Le travail consiste à intervenir en appui des équipes sur place et autres partenaires sur les questions d’addictologie et de réduction des risques. Au-delà d’une formation de base autour des réflexes à adopter dans certaines situations (overdoses, AES, sevrage contraint…), nous avons participé à la réflexion sur la place des produits et des consommations dans ces nouveaux lieux, notamment autour de l’accès à l’alcool pendant le confinement.

L’objectif général consiste à rencontrer les personnes sur leurs lieux de vie, à mi-chemin entre travail de rue et consultation avancée, pour limiter les effets délétères du confinement et éviter d’ajouter des risques à ceux inhérents aux usages en temps habituel : prévention des surconsommations et overdoses, des sevrages contraints, des décompensations, des ruptures de traitement, accès facilité au matériel, orientations vers les partenaires…
Un temps suspendu, le travail de rue a repris de manière renforcée pour aller à la rencontre des plus isolés qui n’ont pas trouvé de solution d’hébergement.

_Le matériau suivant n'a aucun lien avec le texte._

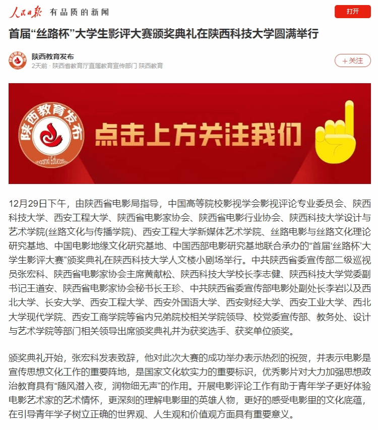 《人民日?qǐng)?bào)》APP:首屆“絲路杯”大學(xué)生影評(píng)大賽頒獎(jiǎng)典禮在陜西科技大學(xué)圓滿舉行

Comment vous adaptez-vous au déconfinement ?

Depuis le déconfinement, nous reprenons progressivement notre activité avec un accent qui est mis sur les propositions d’entretiens individuels, toujours dans l’objectif de maintenir ou reprendre le lien avec des usagers qui ont grandement souffert de cet isolement, et pour éviter que leurs situations ne se dégradent davantage.
Les permanences d’accès aux droits et aux soins (médecin, travailleur social, psychiatre, psychologue) ont repris en présentiel, même si elles n’ont jamais cessé à distance.
Un poste supplémentaire est désormais accessible en espace de consommation. L’espace d’inhalation est à nouveau ouvert et permet d’accueillir un usager à la fois au lieu de quatre habituellement.

Nous réfléchissons déjà à la suite et à la manière d’ouvrir l’espace d’accueil, sur la base de nouvelles consignes qui vont certainement nous parvenir à partir du 2 juin.

Nous allons finaliser dans les semaines qui viennent notre projet d’hébergement adossé à la SCMR. Il vise à créer une structure d’hébergement médico-social située à proximité immédiate de la SCMR, et permet une interaction entre le volet hébergement et les compétences de réduction des risques et des dommages. L’accompagnement proposé dans ce lieu est ainsi construit dans une approche pragmatique s’adaptant aux pratiques et particularités du public accueilli, ce dernier aurait été bien utile pendant cette période de confinement. Les travaux ont repris et se termineront dans les semaines qui viennent, pour une ouverture, nous l’espérons, à la rentrée.